If you’ve ever designed a large scale distributed system then you’re familiar with the whack-a-mole style issues that occur when introducing messaging – where solving one set of problems only gives rise to new ones.
In the upcoming webinar, MVPs Sean Feldman and Saravana Kumar will share the most common pains they’ve experienced while implementing such systems, using Azure Service Bus, and the solutions they came up with to cure them. They will cover the following topics:
- Understanding message flow in a large system
- Resolving failure conditions
- Understanding the urgency, importance, and impact of these failures
Let’s have a deeper look into what each of these topics will entail.

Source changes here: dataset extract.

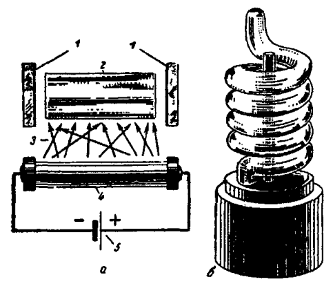 Несмотря на сравнительно простое устройство лазера, процессы, лежащие в основе его работы, чрезвычайно сложны и не поддаются объяснению с точки зрения классических законов физики. Со времен Максвелла и Герца в науке утвердилось представление о том, что электромагнитное и, в частности, световое излучение имеет волновую природу. Эта теория хорошо объясняла большинство наблюдаемых оптических и физических явлений. Но уже в конце XIX века были получены некоторые экспериментальные данные, не подходившие под эту теорию. Например, совершенно непонятным с точки зрения классических представлений о волновой природе света оказывалось явление фотоэффекта. В 1900 году известный немецкий физик Макс Планк, пытаясь объяснить природу этих отклонений, сделал предположение, что испускание электромагнитного излучения и, в частности, света происходит не беспрерывно, а отдельными микроскопическими порциями. В 1905 году Эйнштейн, разрабатывая теорию фотоэффекта, подкрепил идею Планка и убедительно показал, что электромагнитное излучение действительно испускается порциями (эти порции стали называть квантами), причем в дальнейшем, в процессе распространения, каждая порция сохраняет свою "индивидуальность", не дробится и не складывается с другими, так что поглотить ее можно только всю целиком. Из этого описания получалось, что кванты во многих случаях ведут себя не как волны, а как частицы. Но при этом они не перестают быть волнами (например, квант не имеет массы покоя и существует только двигаясь со скоростью 300000 км/с), то есть им присущ определенный дуализм. Квантовая теория позволила объяснить многие прежде непонятные явления и, в частности, природу взаимодействия излучения с веществом. Возьмем простой пример: почему тело при нагревании испускает свет? Нагревая, скажем, на газовой горелке гвоздь, мы заметим, что сначала он приобретает малиновый цвет, потом станет красным. Если продолжать нагревание, то красный цвет переходит в желтый и затем в ослепительно белый. Таким образом, гвоздь начинает излучать не только инфракрасные (тепловые), но и видимые лучи. Причина этого явления следующая. Все тела (и в том числе наш гвоздь) состоят из молекул, а молекулы состоят из атомов. Каждый атом представляет собой небольшое очень плотное ядро, вокруг которого вращается большее или меньшее количество электронов. Эти электроны движутся вокруг ядра не как попало, но каждый из них находится на своем точно установленном уровне; соответственно одни уровни располагаются ближе к ядру, а другие дальше от него. Эти уровни называются энергетическими, так как каждый из расположенных на них электронов обладает своей определенной, свойственной только этому уровню, энергией. Пока электрон находится на своем стационарном уровне, он движется, не излучая энергии. Такое состояние атома может продолжаться сколь угодно долго. Но если атому сообщается извне какое-то определенное количество энергии (как это происходит при нагревании гвоздя), атом "возбуждается". Суть этого возбуждения состоит в том, что электроны поглощают кванты излучения, пронизывающего вещество (в нашем примере инфракрасное тепловое излучение газовой горелки), приобретают их энергию и благодаря этому переходят на более высокие энергетические уровни. Однако на этих более высоких уровнях электроны могут

Understanding message flow in a large system
Software systems that require messaging are typically quite large in terms of endpoints and subsystems. Therefore, the communication paths between these endpoints will become complex and it will be hard to understand how the system actually supports the business processes. The reason for this is that Service Bus provides only the infrastructure to pass messages from one endpoint in a system to another, but it’s not aware of any business level meaning of the messages passed around. It doesn’t know if the content of a message represents a command to be executed by a specific endpoint or if it’s an event representing something that has already happened. Yet at the same time, it needs this information to ensure that messages flow to the right endpoint. How will you manage this dichotomy? And what if the message has a wrong or no meaning at all? Imagine that the communication paths were easy to understand from a business perspective.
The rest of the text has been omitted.